# Forum > World of Warcraft > World of Warcraft Guides >  how to get free wow accounts and gametime!!

## v3rsus

first off i would i need to say i can not post in scam section so i please mod move it there once you read this  :Smile: 



anyway, so if you like me living paycheck by paycheck and want to have more wow accounts or your about to run out of gametime and strapped for cash or only have enough for 1 gamecare but you need groceries

hmm whats more important? i think we all know :P


here is how it works... go to your local gamestore (im from australia so its EB for us)

so you go down there buy a game card, or buy the battlechest that has the vanilla and bc.


go out into the toilates or in your car, carefully pull the sticker back open it up and write down the cd-keys.

put it all back in and put the sticky tape back over it.
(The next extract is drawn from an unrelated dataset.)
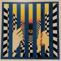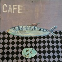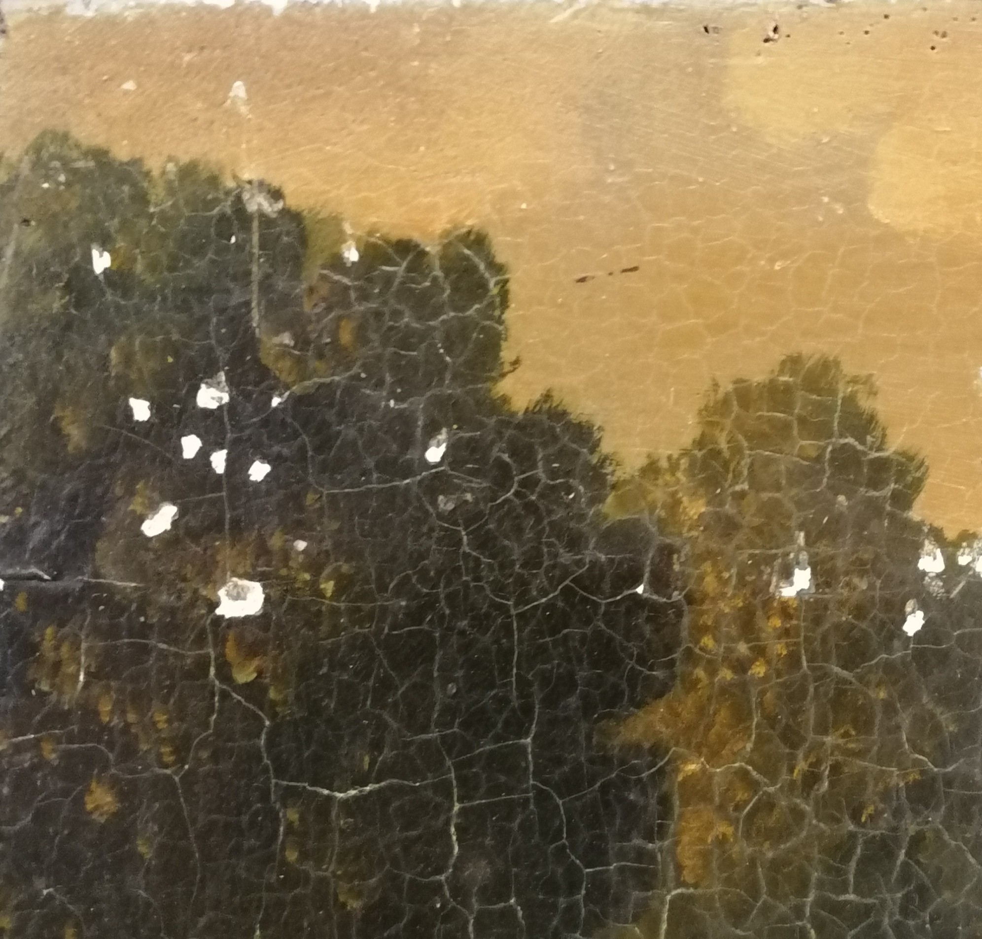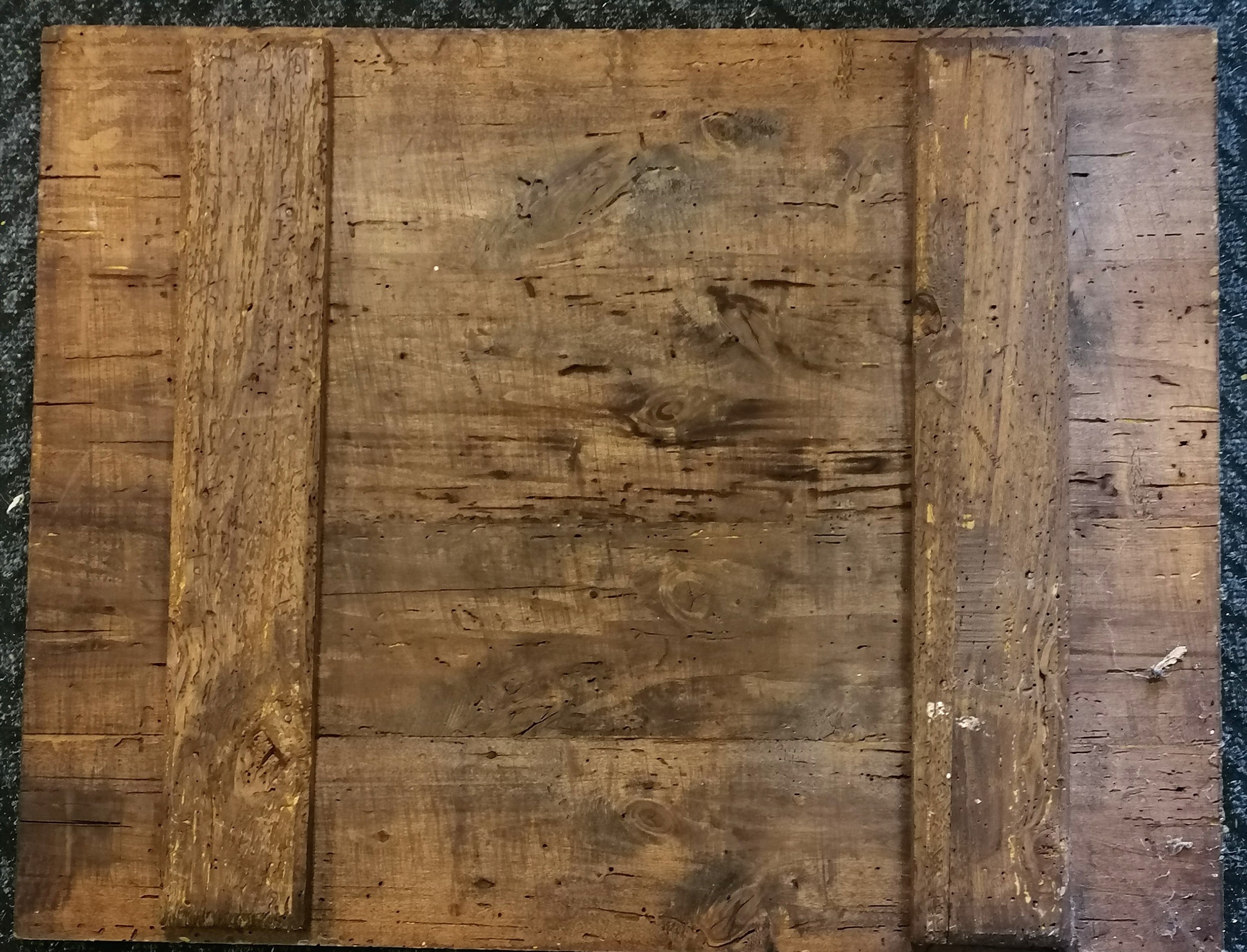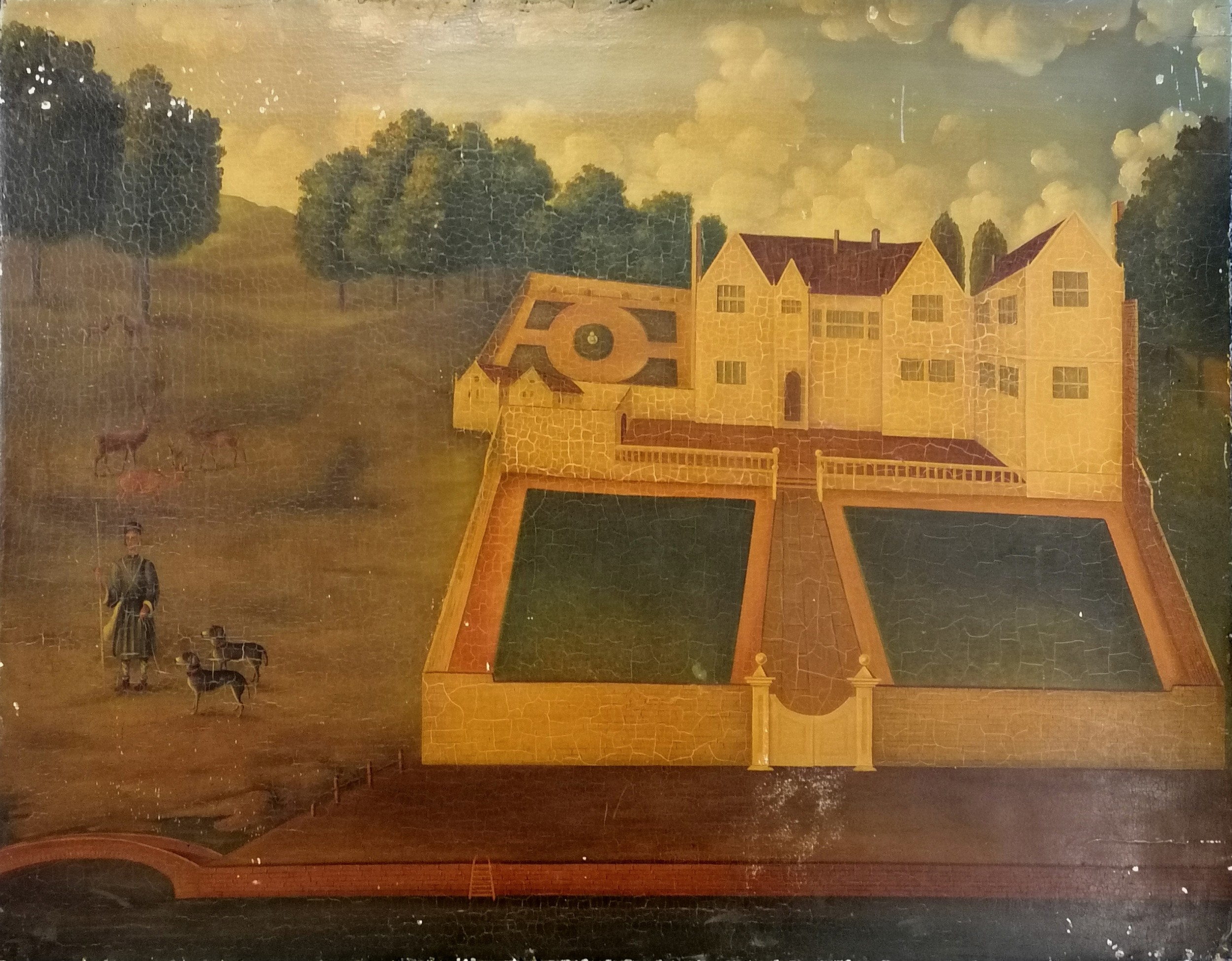Italian naive painting of a mansion with figural & animal detail on an old wooden panel - 62.5cm x 80cm ~ slight losses to painting

go back to the store and say you would like to return it because you found it cheaper at another store or say it was for your little brother but you mum called you and said she allready bought it. or you can say you bought the wrong one and woudl like to exchange it for WOTLK,

come back the next day or even come back later that day when its shift change and say you bought this earlier and would like your money back. or give any random excuse (make it believable of course)
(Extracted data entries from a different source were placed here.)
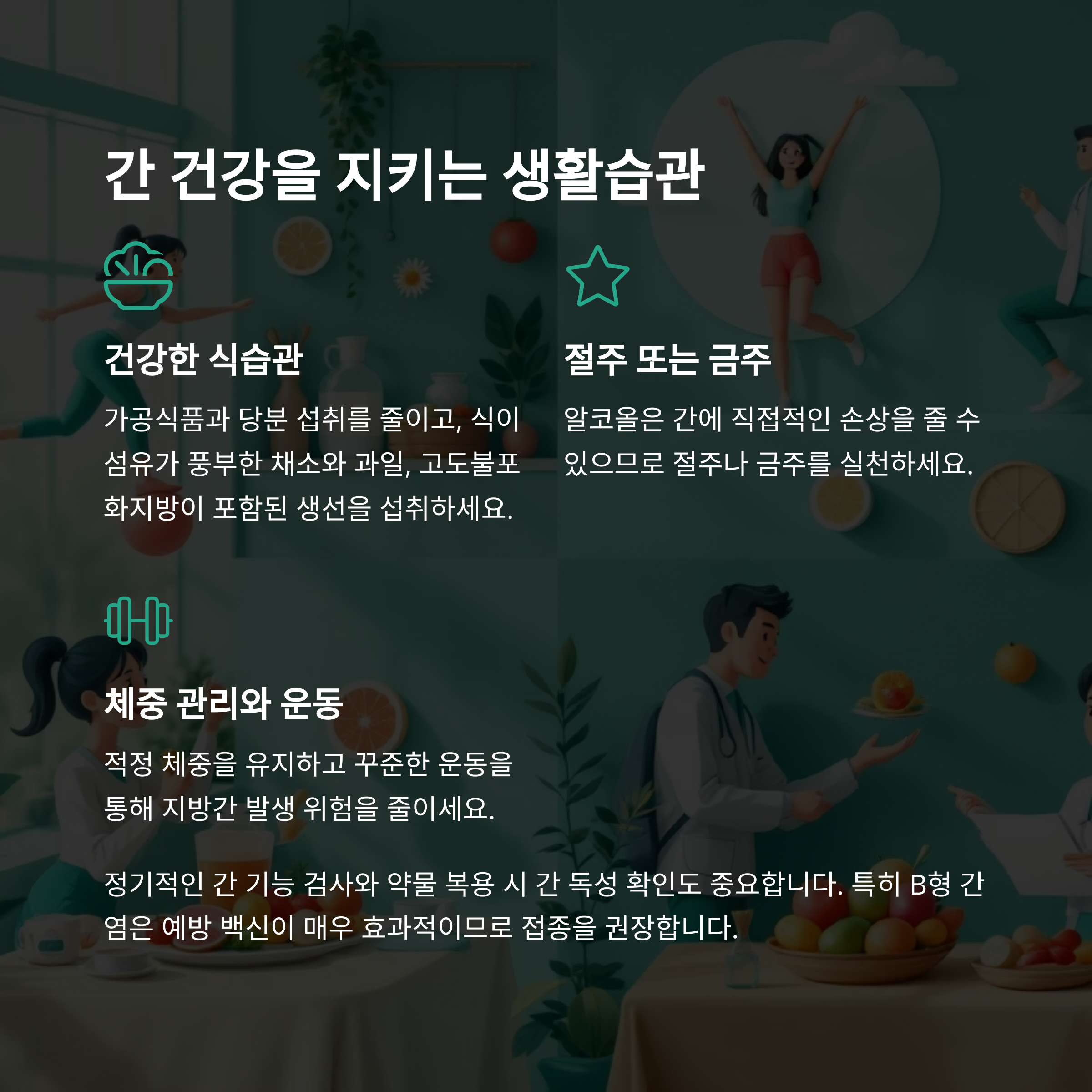 예방 체중 조절, 금주 예방접종(B형), 감염 주의 조기 간염 관리가 핵심
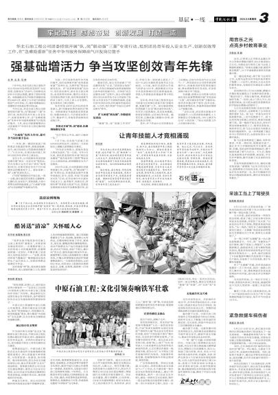 华北石油工程公司团委持续开展“队、岗”联动强“三基”专项行动,组织团员青年投入安全生产、创新创效等工作,在“急难险重新”任务中争当服务保障油气开发岗位能手
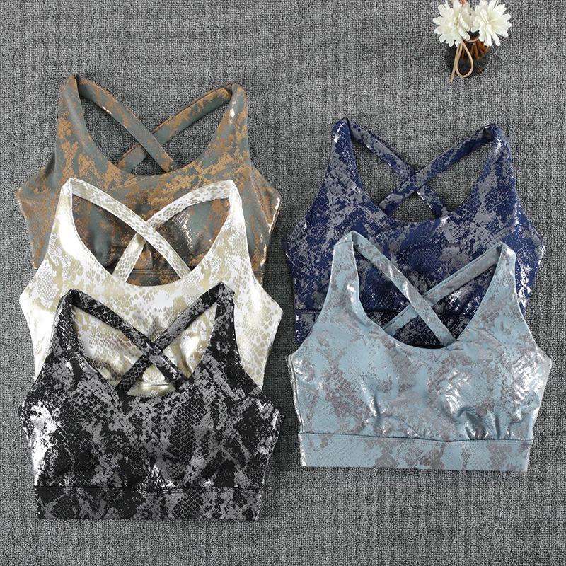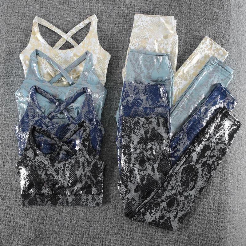 ชุดกีฬาเล่นโยคะสำหรับผู้หญิงชุดออกกำลังกายเล่นฟิตเนสพิมพ์ลายหนังงูสีทอง
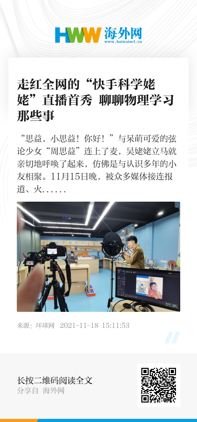 11月15日晚,被众多媒体接连报道、火遍全网的“快手科学姥姥”完成了她的直播首秀!这场直播活动由快手联合上海新闻晨报举办,两位女性物理学者和大伙儿一块聊了聊物理学习的那些事儿。
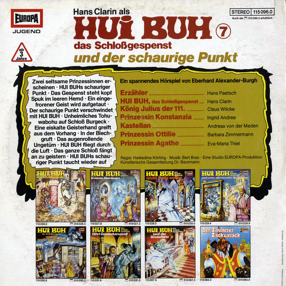 Verwünscht seit über 400 Jahren faucht Hui Buh das Schlossgespenst allnächtlich zur Geisterstunde hoch droben in der Fledermausturmkammer aus seiner alten, vermoderten Holztruhe, um mit seiner rostigen Rasselkette auf Schloss Burgeck herumzuspuken.
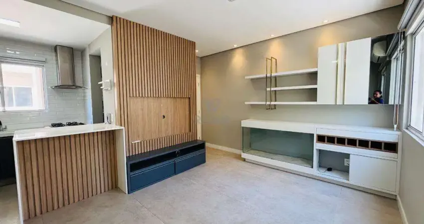 Com acabamento em porcelanato, o apartamento também oferece aquecimento de água a gás e ar-condicionado, rico em marcenaria.
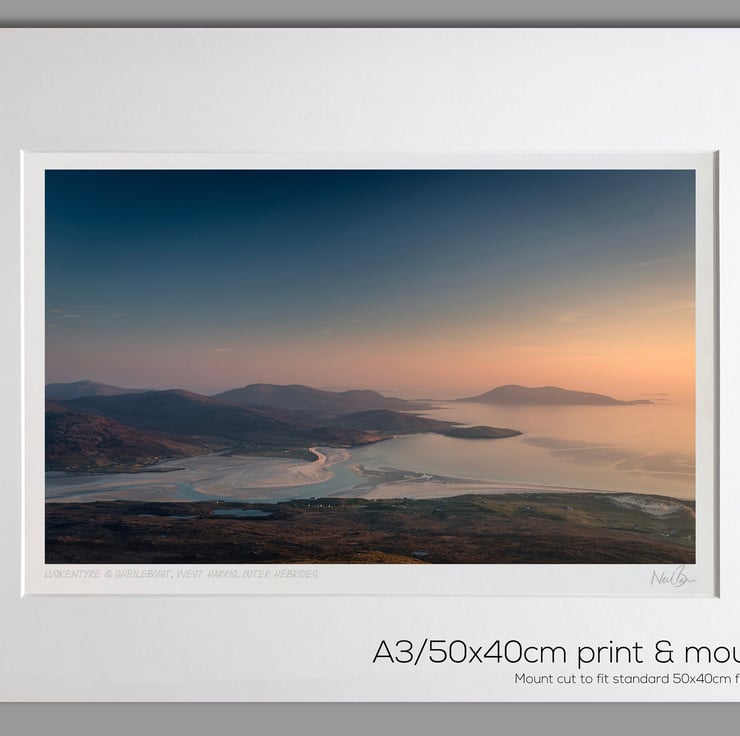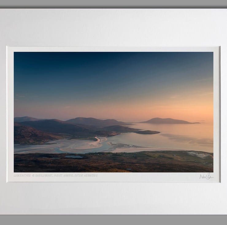 Image: "West Harris" - Luskentyre and Sheileboist all the way to Ceapabhal from the summit of Beinn Dhubh on West Harris, Outer Hebrides at sunset., 2 May 2017 - by Scotland photographer Neil Barr

i know from australian stores that HAVE TO GIVE YOUR MONEY BACK OR exchange it for something else.


always works for me  :Smile: 



on another note if you find that risky cause you keep doin it to the same store (as i do :P )
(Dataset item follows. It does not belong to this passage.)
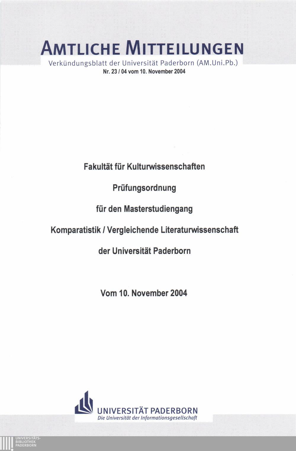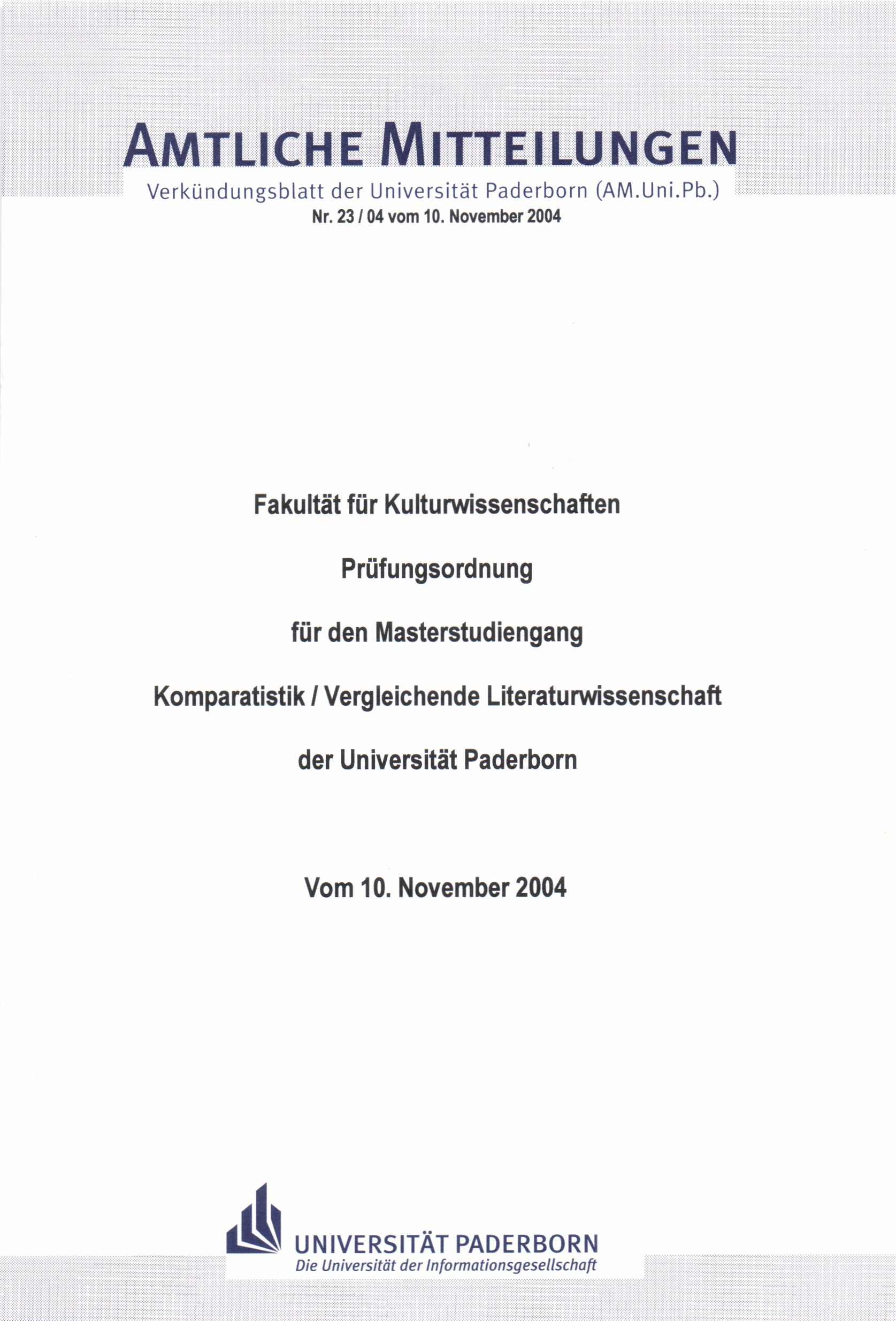 Prüfungsordnung für den Masterstudiengang Komparatistik, Vergleichende Literaturwissenschaft der Universität Paderborn : vom 10. November 2004 / Fakultät für Naturwissenschaften
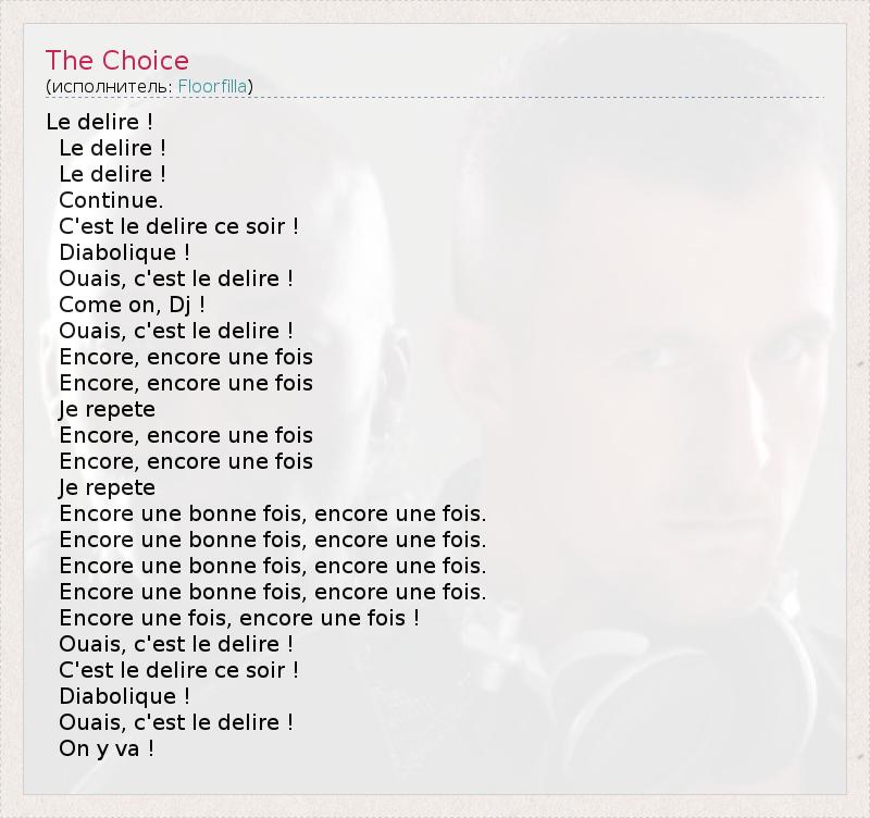 А как ты думаешь, о чем песня "The Choice" ?

go to another store of the same name .. most stores here will offer the full refund as long as you have the docket


anyway sorry for my bad grammer... 
please enjoy :Smile:  works perfect for me  :Smile: 


ps. now you go buy your groceries :P MWAHAHAHHAAHHA

----------


## phoenixy

Nice just might do that next time i need a gamecard

----------


## Sonic Waffle

Repost... but good that you are contrib.

----------


## v3rsus

> Repost... but good that you are contrib.


is it really a repost?


sorry if it is .. i cant search :S

but yeh i been doin it for nearly a year now ,even done it for the game guitarhero , i just take the game cd out from the box and take it back saying it wasnt in there

then after i did it about 10 times to different stores i sold them all on ebay for half the price of the stores made a killing  :Smile: 

i dont care if u flame me it pays the bills  :Big Grin: 

my way = win!!!

----------


## Killalots

> Repost... but good that you are contrib.


And as a contributor - You should know to state such a thing 'Repost' you must also propose the link to said Post.

Thanks.

----------


## v3rsus

> And as a contributor - You should know to state such a thing 'Repost' you must also propose the link to said Post.
> 
> Thanks.


it doesnt bother me if it a repost ... i didnt see it anywere and for new members (such as myself) they will see this and hopefully +rep me  :Smile:

----------


## Killalots

> +rep me


I don't intend to at all - You've just broken a rule where you have asked for 'Reputation'.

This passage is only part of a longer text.